2.4.5. Vegetation Coverage

Vegetation index is also a significant factor, which can protect the surface, stabilize the soil and reduce freeze-thawing erosion [30]. Vegetation coverage was calculated according to NDVI data and is shown in Figure 3e. In this study, this index of vegetation coverage was obtained from the MOIDS NDVI dataset (2007 to 2016) (Equation (2)).

$$FC=\frac{NDVI-NDV{I}_{soil}}{NDV{I}_{veg}-NDV{I}_{soil}}$$

(2)

where FC is the fractional vegetation coverage, $NDV{I}_{veg}$ refers to the maximum value of pure vegetation at a confidential level (CL) of 0.95, and $NDV{I}_{soil}$ is the minimum value of pure bare soil (CL = 0.05).

Vegetation can protect the surface, improve soil stability and reduce the temperature difference between day and night, thus inhibiting the freeze-thawing erosion process. Vegetation coverage was calculated according to NDVI data, as shown in Figure 3e.

2.4.6. Moisture Index

It was found that moisture content affected the stability of soil aggregates. The moisture index is a representation of the degree of moisture. In contrast to the drying index, the basic form of the moisture index is the ratio of ground income moisture (precipitation) to expenditure moisture (evaporation and runoff). The higher the ratio is, the wetter the climate will be. Soil moisture index was used to replace precipitation to represent the effect of freeze-thawing erosion more accurately, as shown in Figure 3f. The moisture index can be calculated as follows:

$$M_i{=R}_i/{ET}_{oi}$$

(3)

where: $M_i$ is moisture index; i is timing sequence; $R_i$ is precipitation in a certain period; ${ET}_{oi}$ is the reference evapotranspiration of the corresponding period.

2.4.7. Sand Content

Sandy soil refers to soil with a high content of sand in the composition of soil particles; it is one of the basic categories of soil texture. Compared with clay and silty sand, sandy soil has the largest particles.
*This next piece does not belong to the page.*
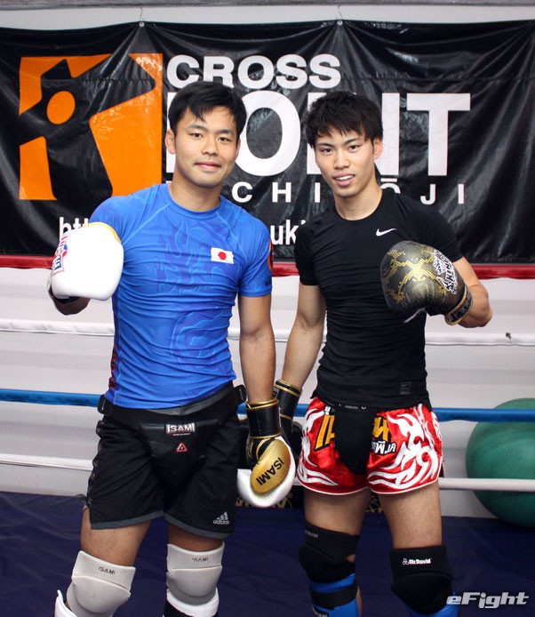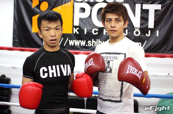 同門の後輩・鈴木宙樹(右)とのスパーを披露した炎出丸(左)

The larger the soil particles are, the more likely they are to be eroded. Therefore, the higher the content of sand in the soil, the weaker the soil erosion resistance. The sand content distribution map in this region is shown in Figure 3g.

2.5. Evaluation Factor Weight

AHP is a qualitative and quantitative, systematic and hierarchical analysis method. The influence factors will be grouped at the different hierarchical based on the correlation and subordinate relations and eventually form a multilevel analysis structure model [31,32].
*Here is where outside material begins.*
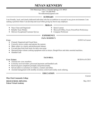 This document is a resume for Nevan Kennedy providing essential information in 3 sentences. It summarizes that Nevan is seeking a position where he can develop and excel while giving his best. His resume lists skills including being neat, clean, organized, a reliable team worker, and having excellent customer service and computer skills. For work experience, it provides that Nevan worked as a crew member at Papa Murphy's and Taco Bell where his duties included food preparation, handling cash, and training new employees.
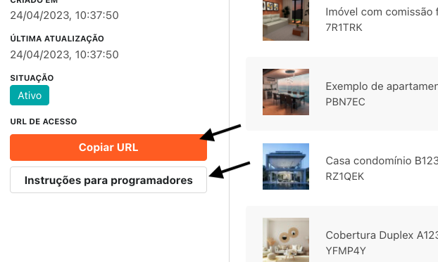 Não envie senha de acesso ao sistema, apenas a URL de Acesso. É por meio da URL que o portal terá acesso a lista de imóveis liberados para integração.Caso fique alguma dúvida, entre em contato com a equipe de suporte.

Chen Qiong et al. took general soil erosion model as the basic idea, chose three rivers source region as the research object and used GIS method to carry out semiquantitative evaluation on different degrees of freeze-thawing erosion in this area. The semiquantitative model used in this paper is A = R × K × L × S × C × P. This quantitative research model also subjectively assigns the weight of influence factors according to expert opinions. However, the AHP semiquantitatively assigns the weight of each factor according to the subjective judgment of experts and the importance of factors, which makes the weight allocation more reasonable. In this paper, based on the correlation of all factors and the premise of avoiding repeated superposition of single factors, the most direct factors causing freeze-thawing erosion were selected for study. Semiquantitative method can be authoritative according to the experience of experts, but it is easy to generate subjective preference, so the determination of factor weight needs to be further improved [26].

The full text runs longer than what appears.